Retirement researchers have often wondered what Boomers will do when they finally get hold of their 401(k) or 403(b) or IRA assets. Will they burn through the cash and be flat broke at 75? Will they be spendthrift grasshoppers or frugal ants?
It’s too soon to know how Boomers will manage their savings. But a new study of existing retirees suggests that those with under $90,000 in their accounts may spend it quickly, but people with more than that are likely to hoard their savings.
“Our central finding is that PRA [personal retirement account] assets, like home equity, tend to be conserved in the early retirement years,” write James Poterba of MIT, Steven Vesti of Dartmouth and David Wise of Harvard. “Only a small proportion of households draw down PRA assets precipitously either before or after age 70½.”
Indeed, if there were no Required Minimum Distribution of qualified savings at age 70½, the current cohort of affluent older Americans seems to obey the conventional wisdom that it’s best to spend tax-favored assets last—after guaranteed income and taxable assets.
“There’s been concern that individuals would draw the money out as soon as they got there, and the assets wouldn’t last long during the retirement period. But the evidence is that the withdrawal profiles are relatively modest. Some are making large withdrawals, but the average is modest. It also looks as though the RMD rules are biting,” MIT’s Poterba told RIJ.
The paper, “The Drawdown of Personal Retirement Assets,” says that only about 20% of retiree households report withdrawals from traditional IRAs and 401(k)s before age 70½. After that, the proportion reporting withdrawals jumps to 60%.
Even then, “the overall proportion of assets withdrawn continues to be a small proportion of the PRA balance. This withdrawal ratio averages between one and two percent between ages 60 and 69, and rises to about 5% at age 70½. It fluctuates around that level through age 85.”
“Our evidence is consistent with the view that most households conserve PRA assets for a ‘rainy day,’” the paper said. “Households may want to preserve these funds for contingencies such as entry to a nursing home or other large expenditures”—much as they resist tapping home equity except as a last resort.
But many of today’s retirees have defined benefit pensions that allow them to defer the use of 401(k) assets, MIT’s Poterba told RIJ. Future retirees, few of whom will have DB pensions, may not have that luxury, he conceded.
Future retirees may also have larger average balances, since they’ve spent more time in the 401(k)/IRA era that began in the mid-1980s and which progressed hand in hand with two huge run-ups in stock prices (along with a couple of major busts).
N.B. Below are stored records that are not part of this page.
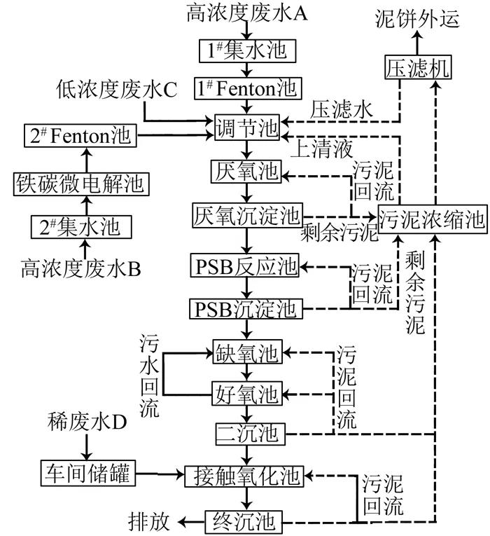 有機顏料生產廢水污染物種類多,結構復雜,含有較多大分子難降解的基團,且水量水質波動大,COD、有機氮、鹽分濃度較高,屬于典型的難降解有機廢水。目前,對于顏料廢水的治理主要采用厭氧+好氧為主的生化法,預處理和深度處理最常用的是混凝沉淀和Fenton氧化,其他還包括化學沉淀、過濾、吸附、電解、膜分離等。河北省某化工企業主要生產有機顏料,在生產過程中產生了大量有機顏料廢水。本工程基于顏料生產企業的要求,以及段云霞等的研究成果,根據不同水質特點分別采取了鐵碳微電解、Fenton氧化、光合細菌、生化反應等工藝對污水進行治理,在保證達標排放的前提下,最大程度降低了運行成本。工程調試完成后,整個污水治理系統運行穩定,各項出水指標優于預期要求。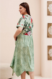 Эффектное платье в стиле «Бохо» с цельнокроеным рукавом и настрочными карманами выполнено из очень мягкой и приятной ткани. Платье а-образного силуэта с округлым вырезом и отрезным лифом, нижняя часть (юбка) на сборке. Лиф цельнокроеный с узкой отрезной бейкой по горловине и притачными манжетами из однотона. Низ платья фигурный с притачными вставками по бокам. Спинка как и перед отрезная.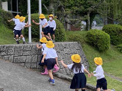 休み時間、黄色い帽子の1年生が掲揚台の周りに集まって鬼ごっこを楽しんでいました。まるで庭先でひよこが遊んでいるようでした。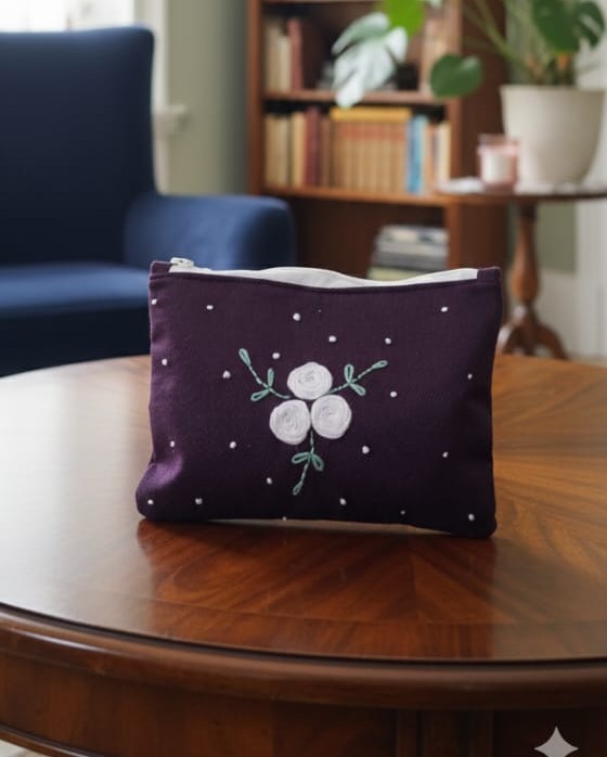 The Eco Charm Embroidered Cotton Hand Pouch is a beautifully handcrafted, eco-friendly pouch made from premium cotton fabric. Featuring delicate floral embroidery and a minimalist design, it is washable, reusable, and durable. Perfect for carrying cosmetics, daily essentials, or travel accessories, this pouch combines style with sustainability for everyday use.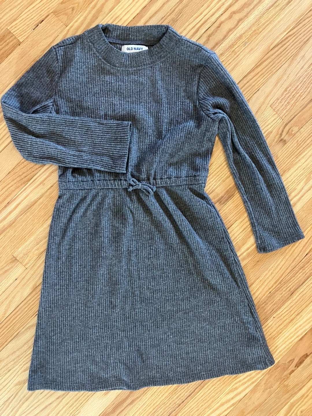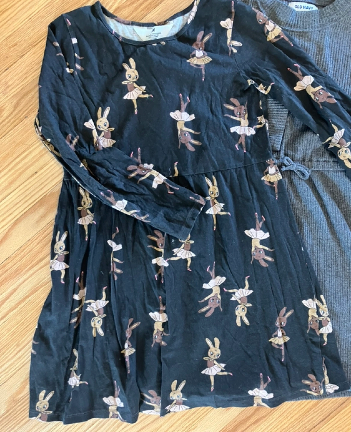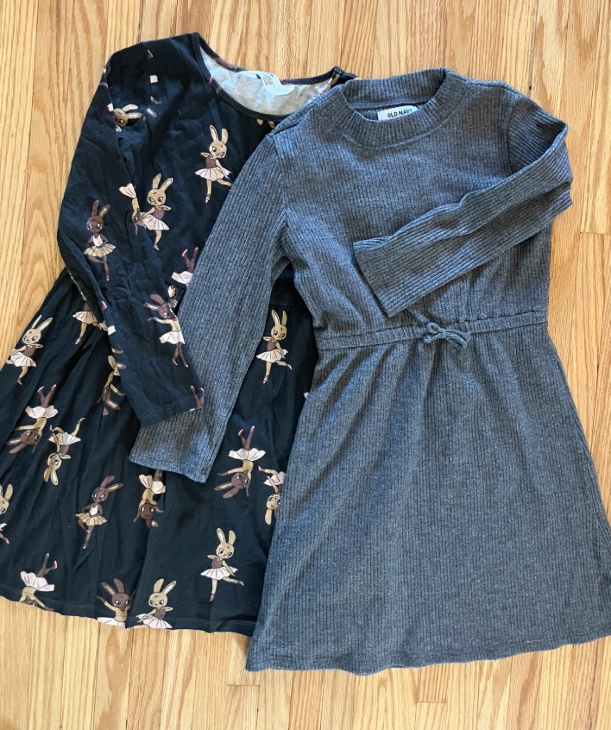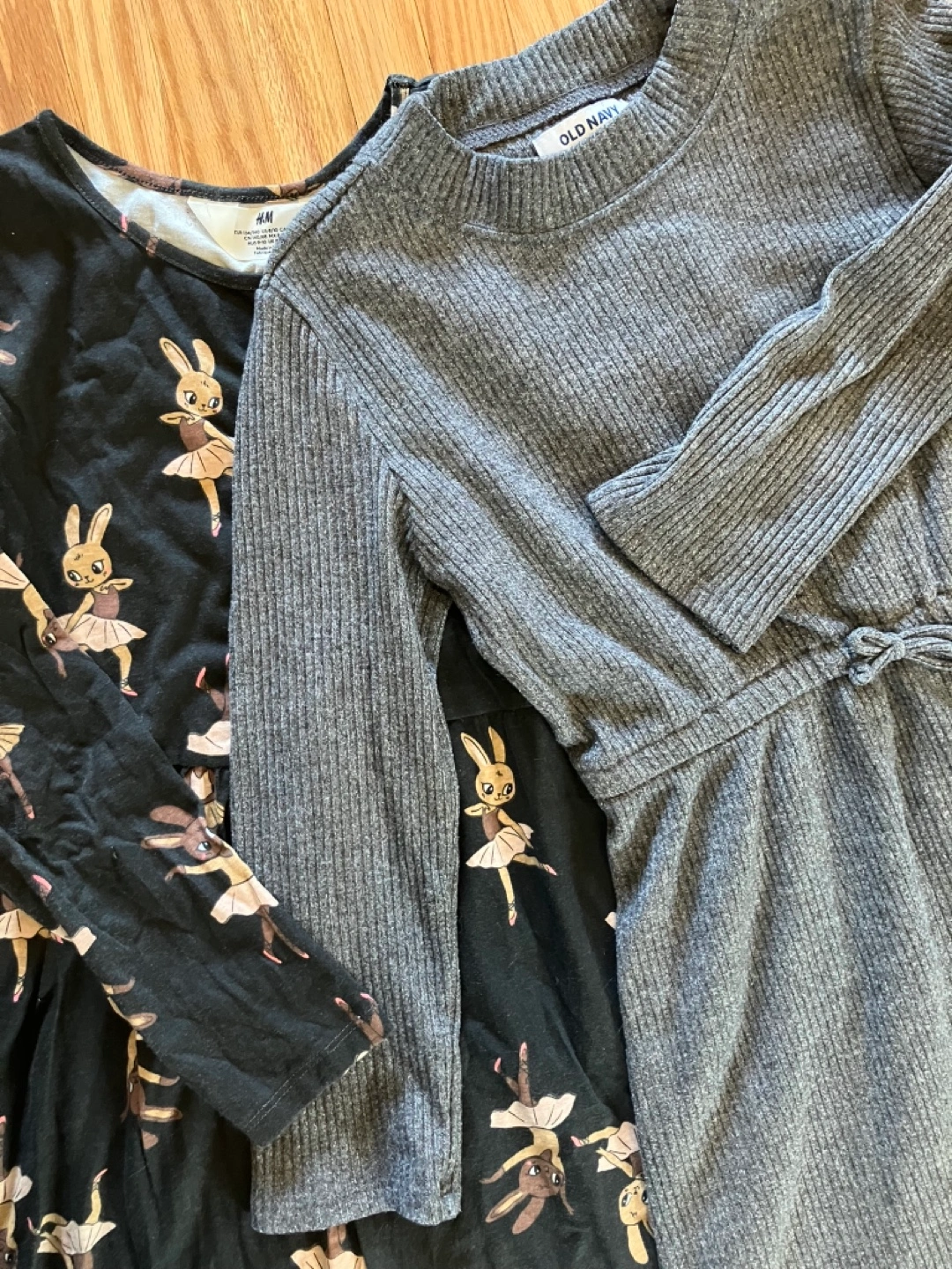 In good used condition! 2 pack of long sleeve dresses for the coming cozy weather. Grey ribbed dress - Old Navy [size M/8] Really comfy and soft dress with tiny bow detail around the waist. Very cute and minimal and is thicker material. Black bunny dress - H&M [size 8-10] Super cute ballet bunny design. Made of tshirt like material so kids won’t fight wearing it! Can be worn with tights as a dress or even over leggings as a long shirt. EASY PORCH PICKUP AVAILABLE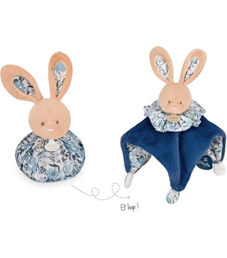 KALANKA-- Peluche Boule Lapin - 3 en 1 : 1 Doudou,1 Peluche , 1 Boule d'Eveil - 25 cm - Bleu/Blanc - Doux pour les Câlins - Idée Cadeau Naissance - Garantie Doudou Perdu - DC3936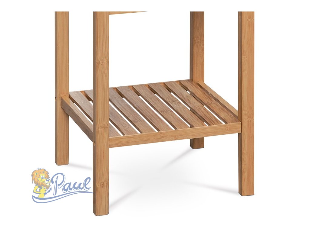 Regál DR-011-5 značky Autronic je vyroben z masivního bambusu v přírodním odstínu, který zajišťuje pevnost a stabilitu celé konstrukce. Tři police s lamelovým provedením poskytují dostatek prostoru pro uložení drobných předmětů s nosností až 9 kg na každé polici. Díky otevřenému designu je regál vzdušný a snadno přístupný ze všech stran, což usnadňuje organizaci a údržbu. Povrch je hladký a příjemný na dotek, materiál se snadno udržuje a je vhodný do různých interiérů, kde oceníte přírodní vzhled a funkčnost. Kompaktní rozměry umožňují umístění i do menších prostor.Doplňkové parametry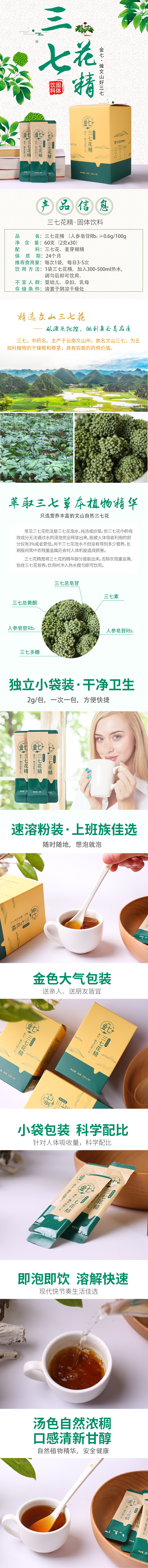 飲 用 方法:1袋三七花精,加入300-500ml熱水調(diào)勻后即可飲用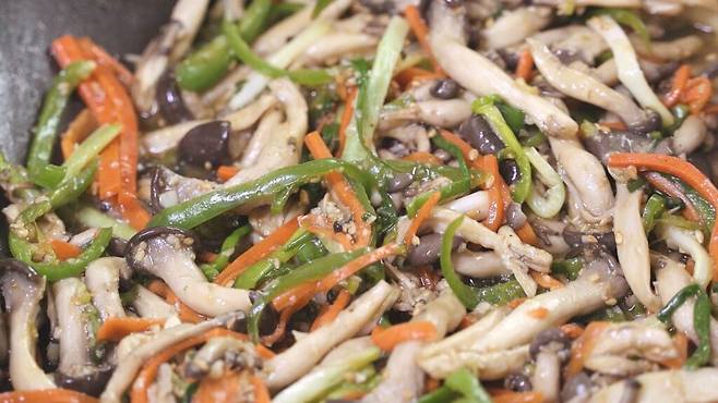 쫄깃한 버섯에 아삭한 채소, 감칠맛까지 더해져 맛은 물론 건강까지 챙길 수 있는 느타리버섯볶음입니다.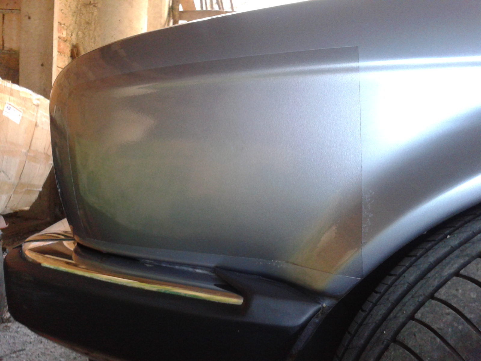 Ja, res je, vendar pa je kompleten avto bil pred manj kot dvemi leti kompletno prebarvan. Sem bil siguren, da bo barva po kodi morala štimat, pa očitno ne bo tako... Na žalost je bilo barvanje avta slabo opravljeno in bo očitno tudi cela umetnost spravit ven fleke, kjer se je barva odluščila... Ta blatnik moram pa itak dol vzet in odbrusit rjo s spodnjega roba, zaščitit in na novo poštrihat. Bolj mi je bil cilj videti sam odtenek direkt na avtu.
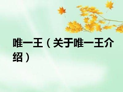 大家好,小迪来为大家解答以上的问题。唯一王,关于唯一王介绍这个很多人还不知道,现在让我们一起来看看吧!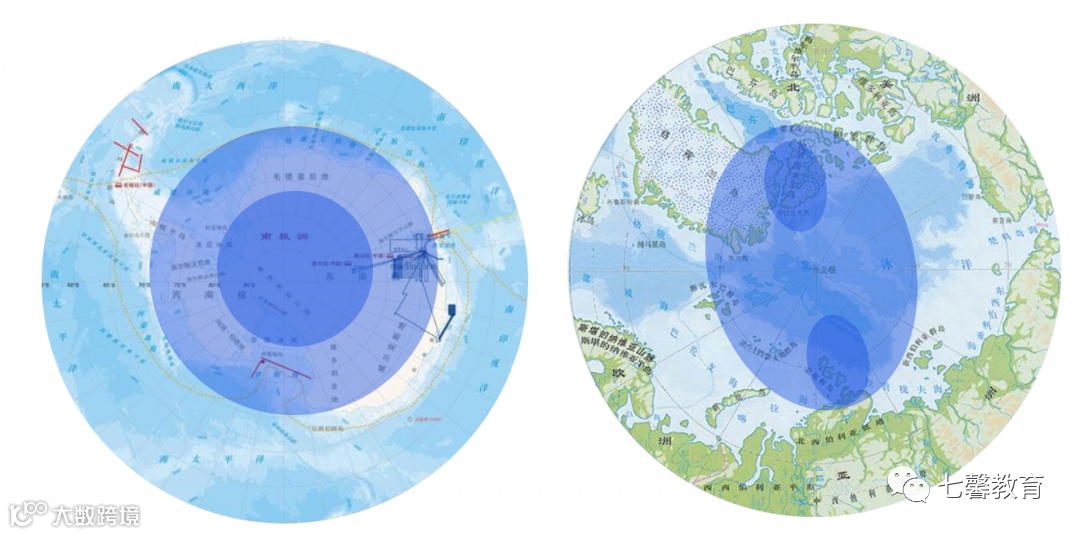 ①南极主要为大陆,海陆热力差异更为明显,陆地气温更低,地表冷高压强劲,使高空冷涡更稳定,而北极主要为海洋,气温较高,使得冷涡在周边陆地上更强,为多中心,形成分裂态势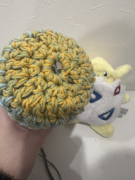 コットン毛糸で結露を気にしなくていいし、Dカンついててカバンに付けられるし、透かし編みだからサイズも融通きくし、口もしぼられるし、、適当に作った割にはお気に入りの1品になりそうです!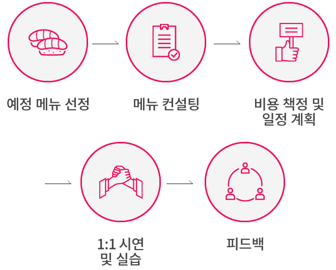 대중성을 이미 갖춘 메뉴를 선정, 조리핵심기술을 전수하여 전문성을 높임으로써 위험요소에도 흔들림 없이 중심을 잡을 수 있도록 하여 드립니다.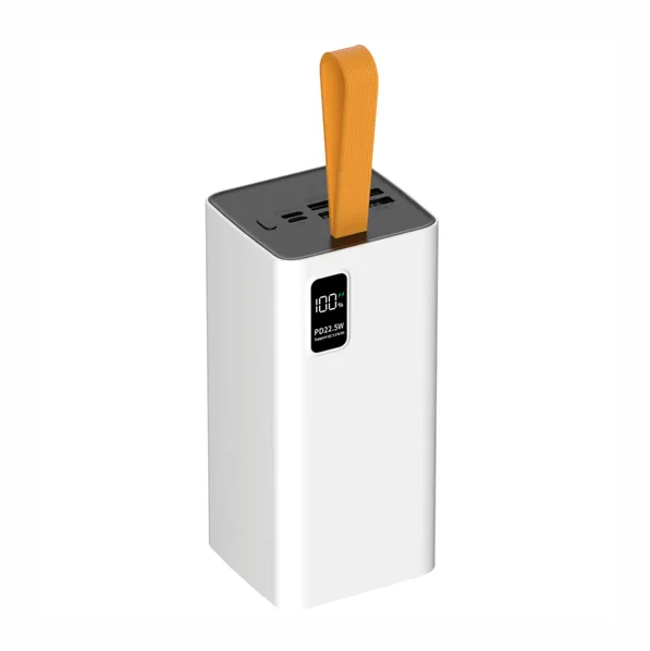 Внешний белый аккумулятор Pero PB09 50K PD емкостью 50000 mAh оснащен четырьмя USB-A портами и одним USB-C портом с выходным током 3А.
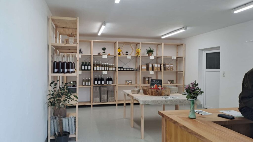In unserem Hofladen konnten unsere Gäste entdecken, was unser Hof zu bieten hat: Frische Eier, hausgemachte Nudeln, Honig aus eigener Imkerei, Sirupe, Apfelsaft, Apfelringe und viele weitere Spezialitäten,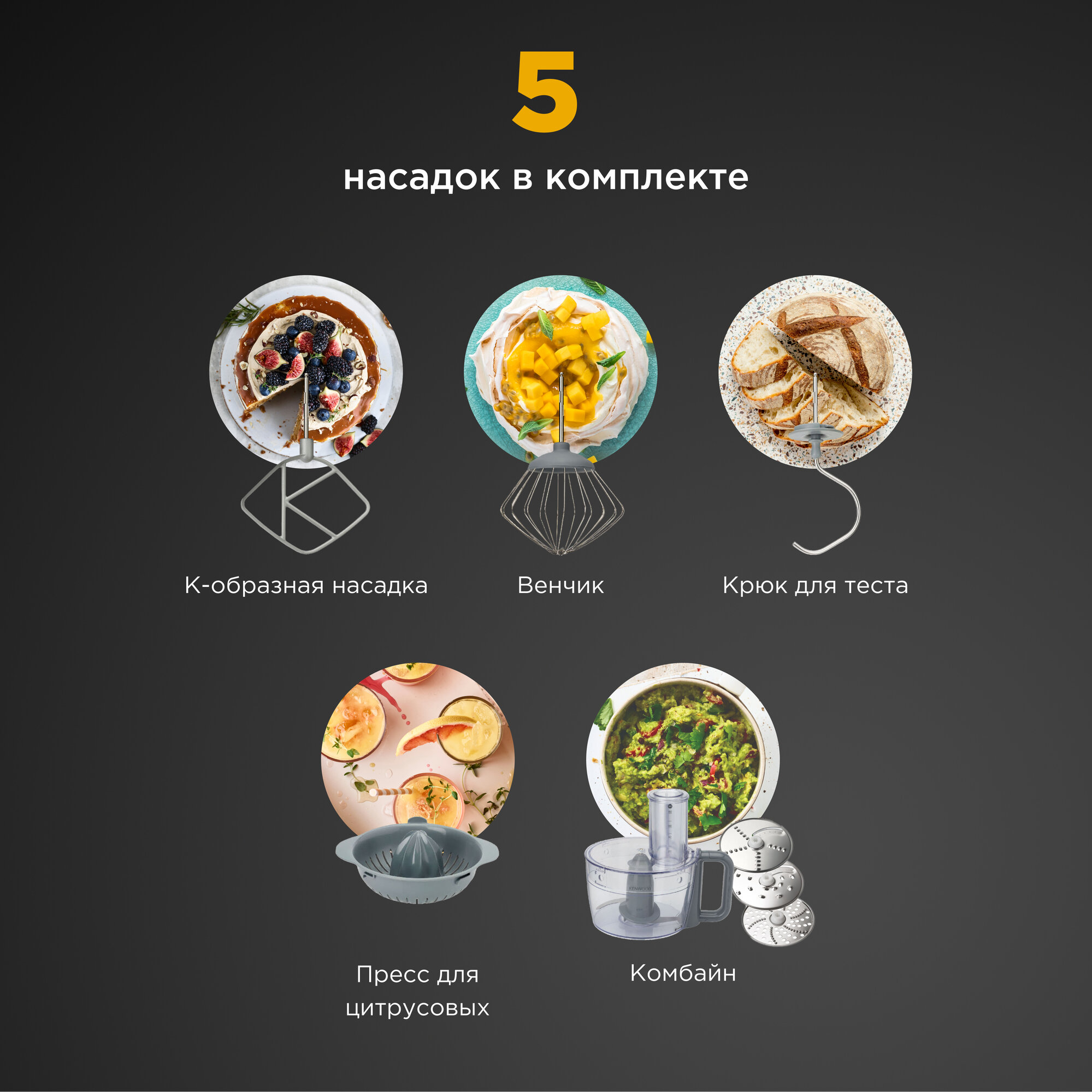 | Подробная комплектация | Кухонная машина; Насадки: к-образная насадка, крюк для теста, венчик, комбайн, цитрус-пресс, рубящее лезвие (3 диска для нарезки); Чаша 4,3л; Инструкция. |

“While I think that what we report provides a good snapshot of people of current retirement age, the key challenge in looking forward is that people will have had more years to save in 401(k)s,” Poterba said.
“This is a population first that did not work all of its working life when 401(k)s were ubiquitous,” he added. “They’re reaching retirement with smaller balances, and they have a higher rate of DB coverage than successor generations, so more of them I suspect are people who were able to take 401(k) plans as a supplemental plan.”
The study is also skewed in the sense that not low-income Americans are a lot less likely to have PRAs. The paper shows that only 8% of the people in the bottom 10% of wealth, health and income status have PRAs, while 80% of people in the top 10% do. (It’s well known that only about one half of American workers have access to any workplace retirement savings plan.)
People with smaller account balances are more likely to spend down those balances quickly in retirement, the paper showed. Early retirees (ages 60 to 69) with less than $90,000 in their PRAs were likely to withdraw at least 10% of their assets per year. Those with $20,000 to $30,000 in their accounts spent down an average of 22% a year.
The paper also showed that, “among households headed by someone between the ages of 60 and 69, roughly 10% of PRA owners make an annual withdrawal of 5% or more of their PRA assets, and about 7% withdraw more than 10% of assets.
“At ages 72 and older, after required distributions begin, 59% of households withdraw less than 5% of their PRA balance in a typical year, and 77% withdraw less than 10% of balance. On the other hand, 11% of those over the age of 72 withdraw more than 20% of their balance.”